THE TASK
Please copy the data exactly as it stands, minus the images.

SUPPLIED DATA
--- START ---

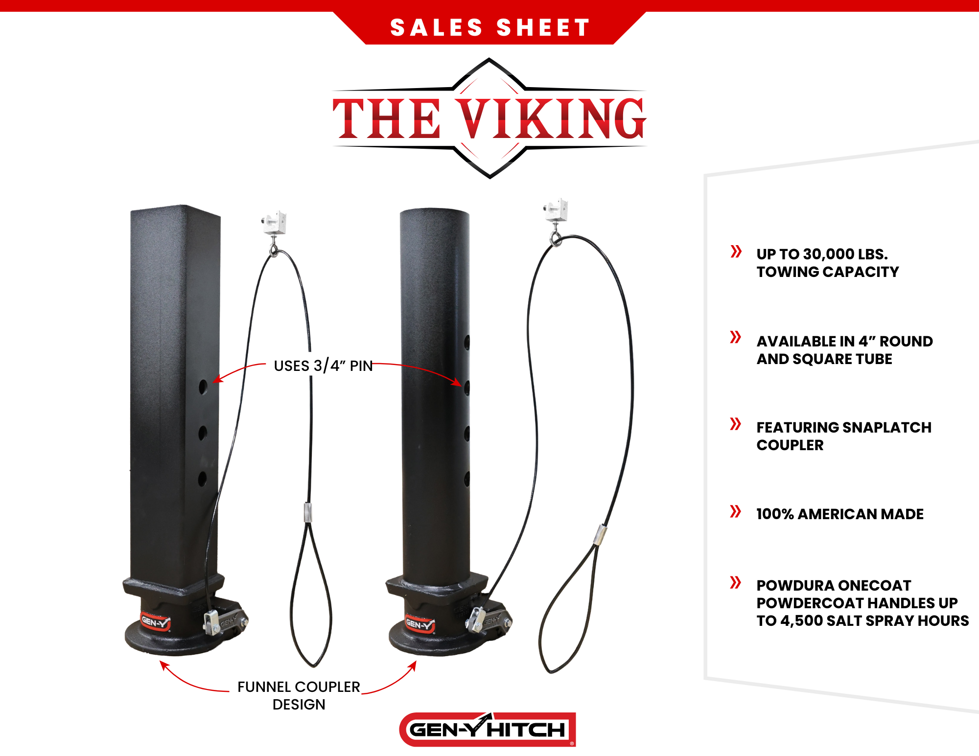 Available in both round and square tube options, the VIKING is rated for 30,000 lbs towing capacity with up to 8,500 lbs tongue weight, making it a dependable solution for heavy-duty towers.
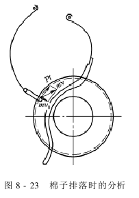 和锯片侧面直接接触的这部分棉子和锯片之间产生摩擦力P,P的方向沿接触点锯片的切线方向。锯片侧面对棉子的摩擦作用转化为棉子受到的冲量,如图8-23所示。在锯片滚筒转速不变的条件下,冲量的大小取决于棉子和锯片接触的情况。当棉子含有较多的纤维时,摩擦力冲量较大,反之,较小。
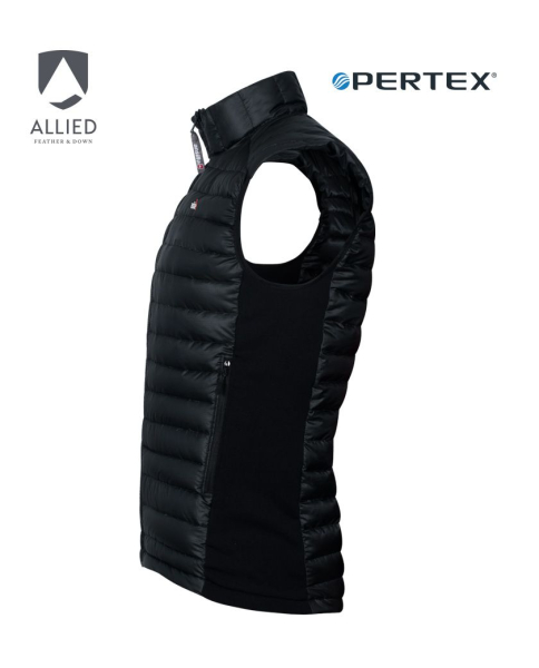 Chaleco técnico de abrigo y muy liviano, ideal para actividades de montaña o zonas urbanas de mucho frío. Calce ajustado y cómodo. Tejido PERTEX®, resistente a roces. Relleno de plumón ALLIED 800 FP, combinado con POLARTEC® Power Stretch en los laterales.
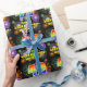 This cheerful and joyful birthday-themed wrapping paper design features a large number “42” having a colourful rainbow spectrum gradient inspired pattern. It also features the message “Happy 42nd Birthday,”, and a customisable name. The background features a vibrant and colourful pattern inspired by the look of bursting celebratory fireworks. Birthday themed wrapping paper like this might be a fun way to wrap a gift or present being given to celebrate somebody’s forty second birthday. [~Z0000587]

--- END ---

TASK ANSWER
 Available in both round and square tube options, the VIKING is rated for 30,000 lbs towing capacity with up to 8,500 lbs tongue weight, making it a dependable solution for heavy-duty towers.
 和锯片侧面直接接触的这部分棉子和锯片之间产生摩擦力P,P的方向沿接触点锯片的切线方向。锯片侧面对棉子的摩擦作用转化为棉子受到的冲量,如图8-23所示。在锯片滚筒转速不变的条件下,冲量的大小取决于棉子和锯片接触的情况。当棉子含有较多的纤维时,摩擦力冲量较大,反之,较小。
 Chaleco técnico de abrigo y muy liviano, ideal para actividades de montaña o zonas urbanas de mucho frío. Calce ajustado y cómodo. Tejido PERTEX®, resistente a roces. Relleno de plumón ALLIED 800 FP, combinado con POLARTEC® Power Stretch en los laterales.
 This cheerful and joyful birthday-themed wrapping paper design features a large number “42” having a colourful rainbow spectrum gradient inspired pattern. It also features the message “Happy 42nd Birthday,”, and a customisable name. The background features a vibrant and colourful pattern inspired by the look of bursting celebratory fireworks. Birthday themed wrapping paper like this might be a fun way to wrap a gift or present being given to celebrate somebody’s forty second birthday. [~Z0000587]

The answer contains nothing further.